A nightly batch job had a habit of forgetting it shared the machine with anyone. It would spin up, eat every core and most of the memory, and drag everything else on the host into the mud until it finished. I could not fix the job itself, it was not mine to change, but I could put it on a leash.
On a modern distro cgroups v2 is already running under systemd, so the easiest handle is a transient scope. Instead of running the job directly, run it inside systemd-run with limits attached:
systemd-run --scope -p MemoryMax=2G -p CPUQuota=50% ./nightly-batch.sh
That caps it at two gigabytes and half a CPU's worth of time, enforced by the kernel, no cooperation from the job required. If it tries to climb past the memory cap the OOM killer takes it inside its own cgroup rather than picking a victim at random across the host, which is the behaviour I actually wanted.

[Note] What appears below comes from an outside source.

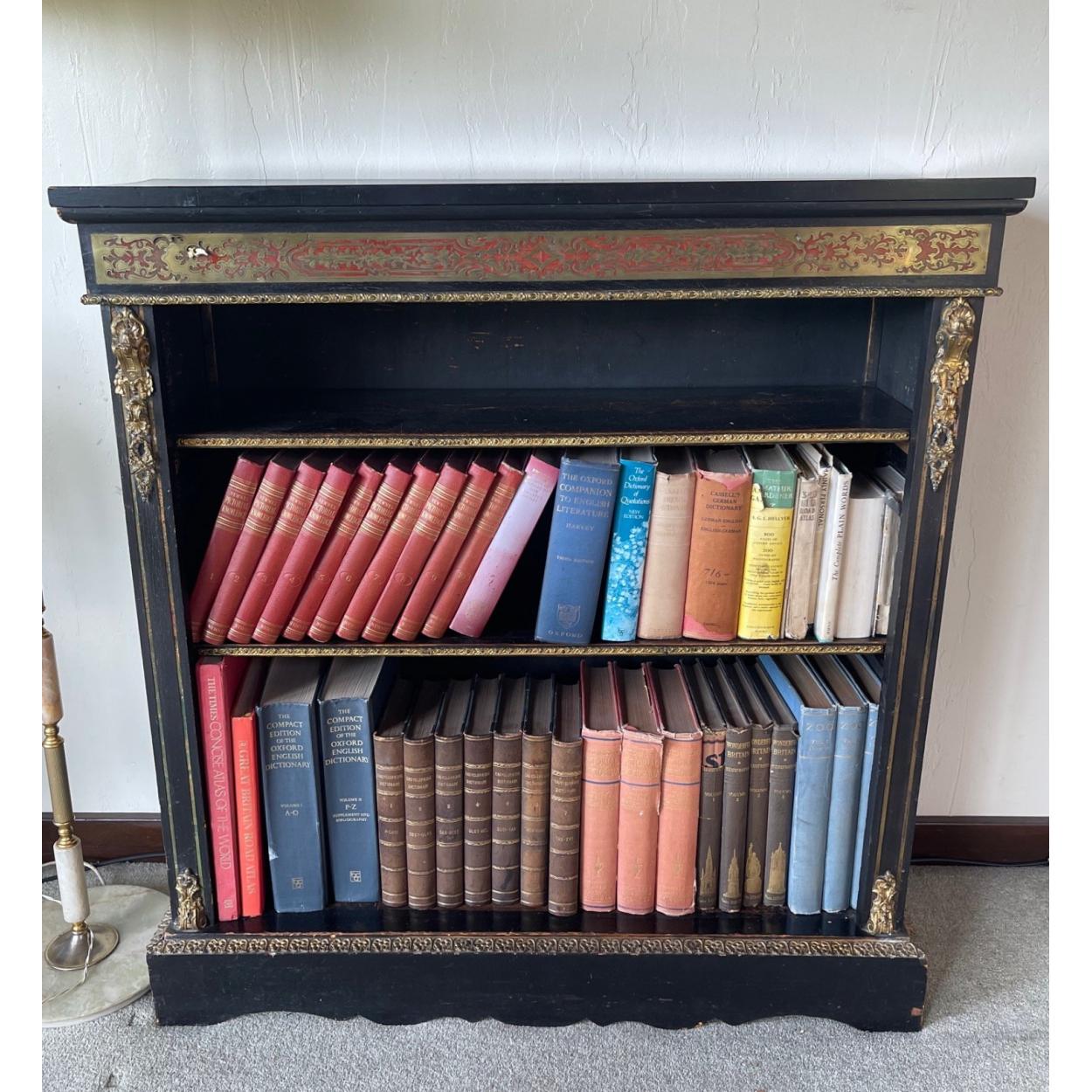 AN ORIENTAL inspired antique three shelf bookcase with brass detail and ebonised wood finish - an UNUSUAL piece! - dimensions 104cm wide x 110cm height x 35cm depth approx. Contents not included.

You can watch it behave with systemd-cgtop, which shows live CPU and memory per slice and makes it obvious whether the limit is biting. For the permanent version I moved the job into its own slice with the same properties set in a unit file, so the limits survive a reboot and I never have to remember the flags again.
The lovely part is that the job has no idea. No code change, no config, no cooperation. The kernel simply refuses to let it have more than its share, and the rest of the box gets to breathe.